The Goal of The Identification Phase
By the end of this process, you want to have:
Identified any data that would be used for analytics and pricing processes
- Considered all inputs into each business process
- Determined how data is used in each calculation
- Identified and engaged data SMEs
- Located or prepared documentation on data contexts
Identified data exchange processes
- What technical implementation options are available?
- How often does data need to be exchanged and with what systems?
- What interfacing standards and practices must be observed?

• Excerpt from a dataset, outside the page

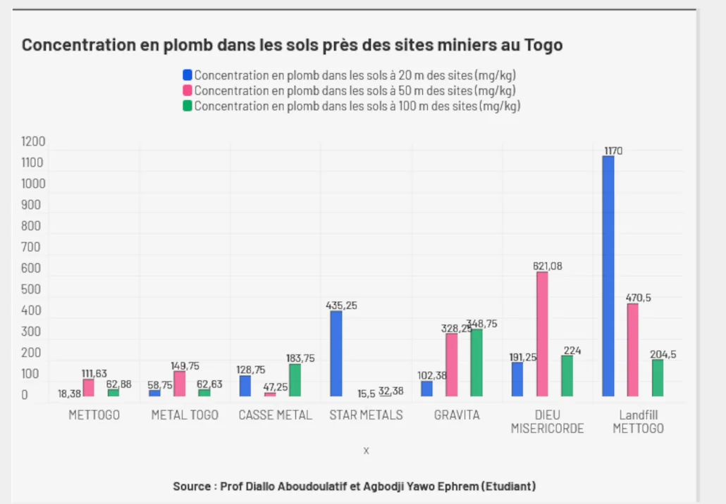 L’étude de l’équipe de recherche du laboratoire de pharmacologie et de toxicologie de faculté des sciences de la santé de l’Université de Lomé (Togo) a permis d’établir les points suivants : Sur 21 échantillons de sol prélevés à proximité de sept entreprises de recyclage de batteries, 14 contenaient des niveaux de plomb jugés par l’Agence américaine de protection de l’environnement comme nécessitant un nettoyage. Les scientifiques ont trouvé les niveaux de plomb les plus élevés dans une décharge située près de l’entreprise Mettogo, qui opère à l’ouest de la ville de Gati. Les scientifiques ont également trouvé du plomb dans des ananas et des tomates à des concentrations plus de 6 400 fois supérieures à la limite maximale recommandée par les Nations unies. Les échantillons ont été prélevés à 20 mètres, 50 mètres et 100 mètres des usines. Les usines soumises aux tests étaient : Star Metals, Mettogo, Gravita, Dieu Misericorde, Casse Metal. L’étude conclut à la nécessité d’une « action urgente », telle que « la mise en œuvre de réglementations strictes sur la gestion des déchets de batteries, la surveillance régulière de l’environnement des sites contaminés et des programmes de sensibilisation pour les communautés exposées ». Interrogé sur ces résultats, les auteurs alertent sur le fait que ses taux de contamination des sols “alarmants” représentent un risque sanitaire pour les personnes vivant et travaillant à proximité des sites testés.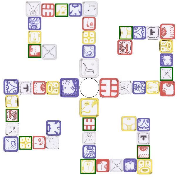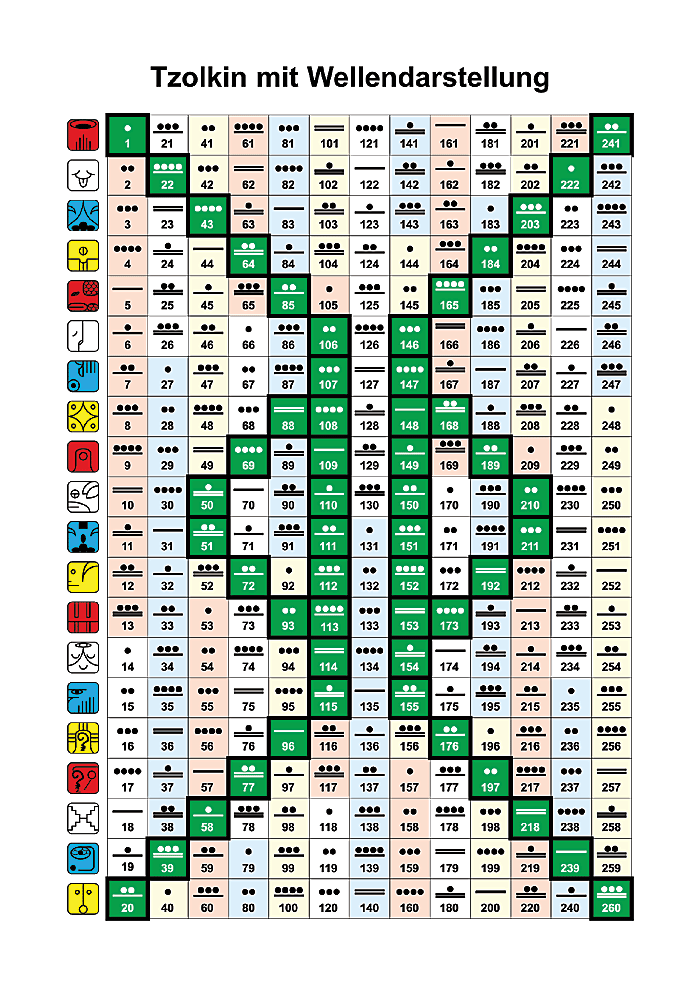 13 столбцов содержат 260 Кинов от Кина 1 в верхнем левом углу до Кина 20, продолжая в верхней части второго столбца и так далее, пока не достигнете Кина 260.

Established data and technical SMEs and be prepared to discuss data concepts
- Completed internal discussions to determine required data for each process
- Identified all relevant data artifacts and sources
- Engaged IT resources to provide initial data exports
- Defined data export plan and reviewed integration protocols
- Prepared initial extracts of data for project team review and configuration
- Provided data documentation as a reference for solution provider project team
The Second Pillar of Data Readiness: Data Quality
What is Data Quality?
Data quality refers to how well suited your data is to do what you want it to do and do it well. Accuracy, validity, completeness, consistency, and uniqueness of your data all feed its quality. Most important is accuracy (Are the numbers and values correct?) and coverage (Do you have everything that you need to adequately address the scope of expectations and are all business cases covered?).
The Fundamentals of Data Quality
Before getting involved with a vendor, we advise that you at the very least identify where you might have data quality issues. These are places where you have duplicates, inaccuracies, ambiguities, inconsistencies, etc. This will help you get rid of things that you don’t need so you can focus on the data that actually helps your pricing processes.
While getting the fundamentals of this nailed down is an important step in the success of your project, don’t get too bogged down in it. It is not always essential for your data to be of the highest quality at the start.
Many of our customers bring low to moderate quality data into our solution to actually help them identify data quality gaps and outliers. In some circumstances, however, this could derail your entire implementation, so check with your vendor.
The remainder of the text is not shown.